Health

Medicaid decisions provide a profitable opportunity for contractors


The most profitable company in the Medicaid redefining process is Maximus, the largest Medicaid eligibility and enrollment management company with a 60% market share. After Biden signed a bill authorizing “continuous insurance” claims from the 2020 law ending March 31, Maximus increased its annual revenue guidance by $100 million to $5 billion. . The company, which also operates federal Medicare and health insurance exchange call centers, did not respond to requests for interviews.

With the Medicaid redefining beginning, demand from state Medicaid departments is growing, Maximus CEO Bruce Caswell said during the company’s first-quarter earnings call in February.

“There is about 39% of the Medicaid population that is not currently in states that use providers to assist with eligibility and therefore redefinement,” Caswell said. “These are customers with whom, if they have a problem, we can develop a relationship with them. [We can] add, if you will, new state customers through this process, unlike what we did during the pandemic.”

Caswell said most of Maximus’ new contract work will begin in the third quarter and last a year. Many of the company’s agreements with states include performance pay provisions, he said, which gives Maximus the financial incentive to find as many people who are not eligible for Medicaid as possible.

Logistics

According to the Department of Health and Human Services, up to 8 million people could lose Medicaid for procedural reasons, such as not having current contact information on file even though they are financially eligible. The health insurance companies that administer Medicaid benefits, the states, the federal government, and patient advocates are multi-faceted efforts to reduce that risk.

Federal law limits the services contractors such as Maximus, Public Consulting Group, and Automated Health Systems can provide.
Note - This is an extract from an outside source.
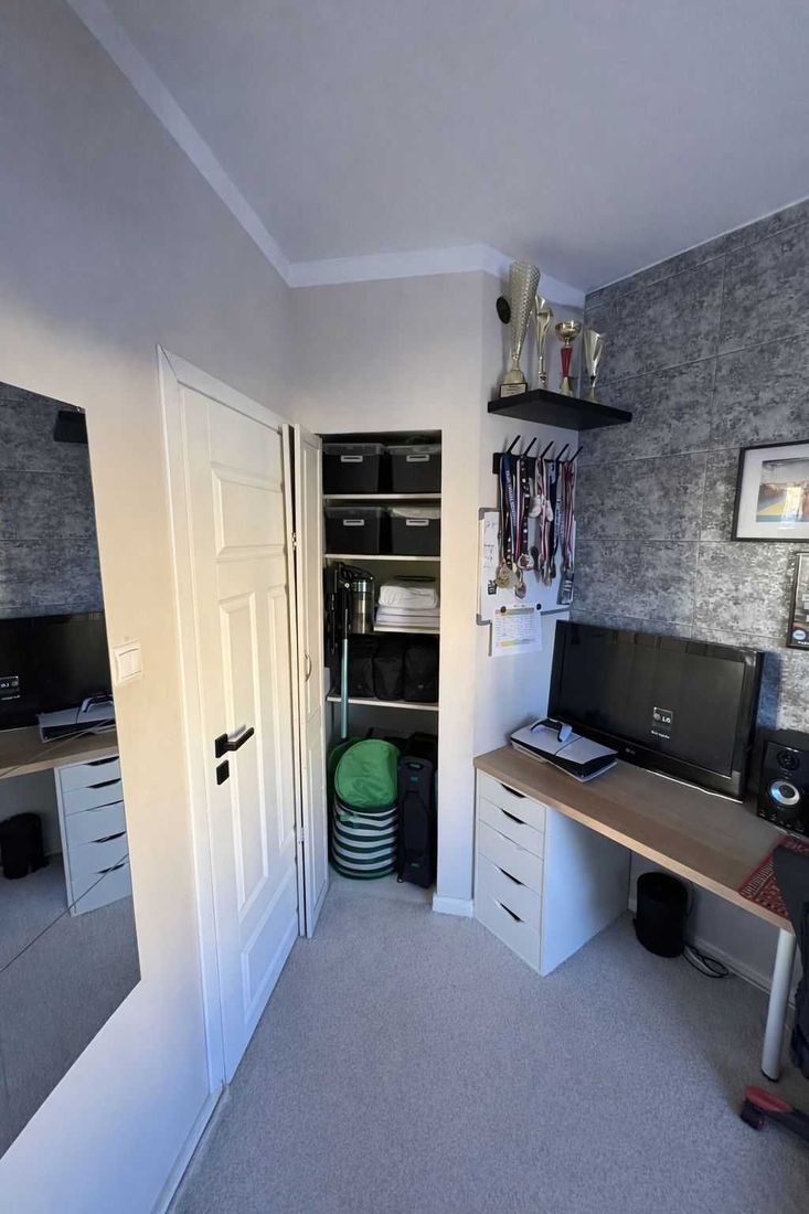 Idealny układ dla rodziny z wydzielonymi pokojami i dodatkową garderobą.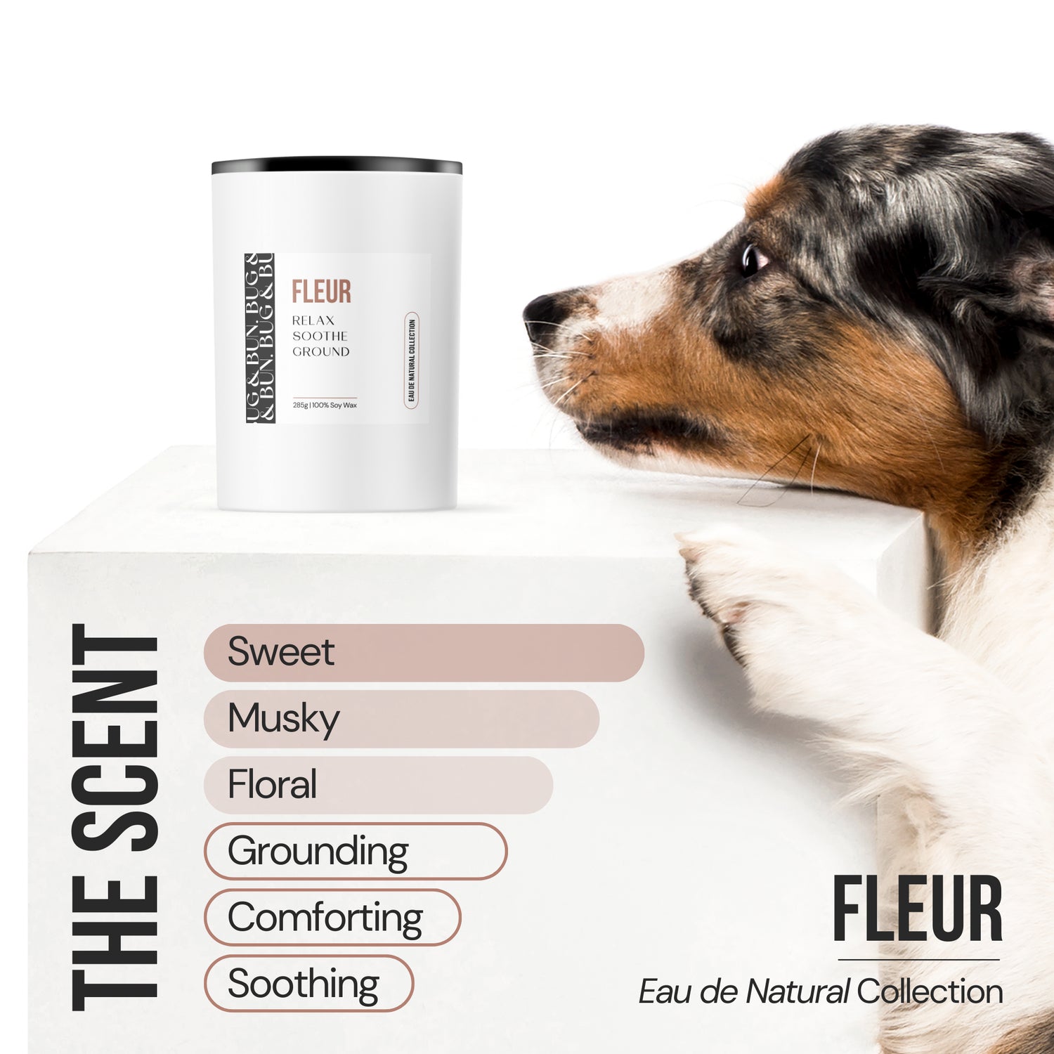 Hand-poured in small batches using 100% soy wax, this Fleur Candle is vegan, cruelty-free and free from palm oil, paraffins, phthalates, synthetic toxins and artificial preservatives. Just pure, elegant fragrance—made for homes with dogs.

For example, public officials must make the final determination of eligibility. But state employees can base those calls on data provided by contractors and other organizations. Furthermore, if states rely on an automated eligibility system, bidders can input those data into the algorithms used to determine eligibility.

States have 14 months to complete the redetermination process, although additional federal funding for Medicaid will end later this year. The accelerated timelines put additional pressure on some parts of Medicaid to enter into outside contracts.

After the Arkansas Legislature ruled that its Department of Health Services must complete its Medicaid eligibility review in six months, the agency skipped the competitive bidding process and doubled down on the contract. his current Maximus coin to $58 million.

Gavin Lesnick, a department spokesman, said in an email: “We needed to act quickly, and we used a partnership agreement to lock in a competitive solicitation rate run by another state. . “We are confident that we have developed a disbursement plan that meets requirements at both the state and federal levels, protects taxpayer dollars, and that will protect reasonable interests for taxpayers.” eligible for Medicaid.”

Mr. Lesnick added that Arkansas is relying on Maximus to process Medicaid applications, perform customer service and support agency staff.

According to Modern Healthcare’s analysis, more than 230,000 Arkansas people will be removed from Medicaid.